— Taisez-vous !… » cria Claircœur, dans une telle agitation, qu’il se reprit :

— « Je veux dire… Je ne parle pas des dettes matérielles. Mais tout ce que vous avez été pour votre filleule… Cette enfant, que vous avez élevée. Et moi, ce que vous avez été pour moi, que vous connaissiez à peine… Votre générosité, votre confiance… votre… votre amitié… Ah ! j’ai goûté tout le charme de vos sentiments délicieux. Je ne suis pas un ingrat, mon adorable amie. Moi aussi, j’ai partagé…

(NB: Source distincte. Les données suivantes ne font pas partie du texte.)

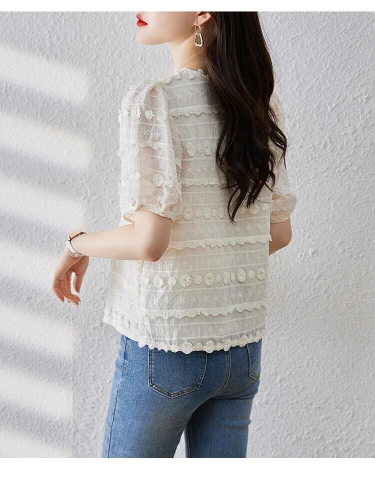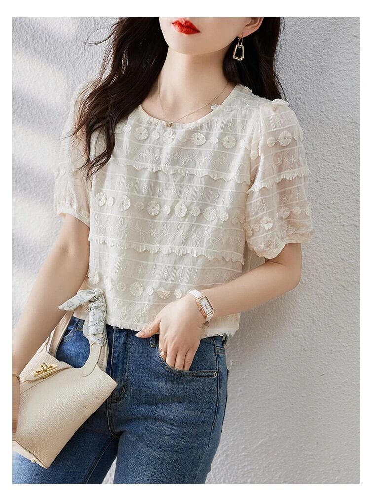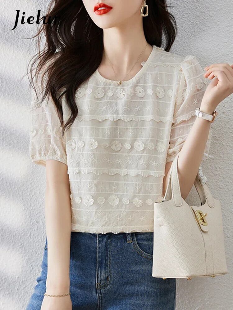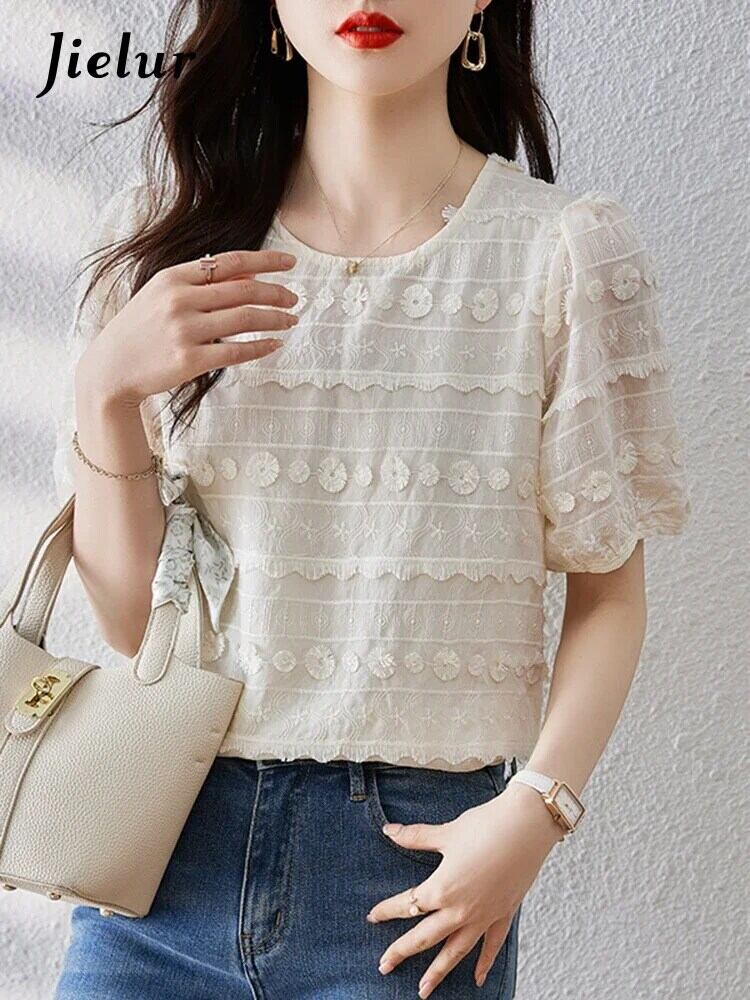 送料無料 Jielur 夏ソリッドカラーの女性ブラウス甘いブラウス女性アプリコット O ネックスリムトップ 大人ガーリー スウィート キュート カジュアル サマー 夏物 Oネック AE12188787846297381578

— Taisez-vous… » murmura-t-elle.

— « Mais », poursuivit le jeune homme, « est-il pour vous un bonheur plus précieux que celui de votre Gilberte ?… Ah ! comme elle vous aime, comme nous vous aimerons !… »

Il s’approchait, il s’agenouillait, il lui effleura la main.

Elle ne dit plus : « Taisez-vous ! » mais d’un geste de cette main, vivement retirée, elle lui imposait silence.

— « J’en suis sûre… Je sais… Allez chercher votre fiancée. »

Gilberte, dans sa chambre, tremblait d’émotion. Elle regardait son arbre, « son parc », le vieil orme où nichaient ses rêves. Et un effroi lui tordait les nerfs, parce que, précisément ce jour-là, — ce jour de fin novembre, — on était en train de l’abattre.

Des hommes, grimpés à l’aide de crampons et de cordes, sciaient d’abord les hautes branches, car le géant n’eût pu tomber d’une seule masse sans endommager les constructions voisines.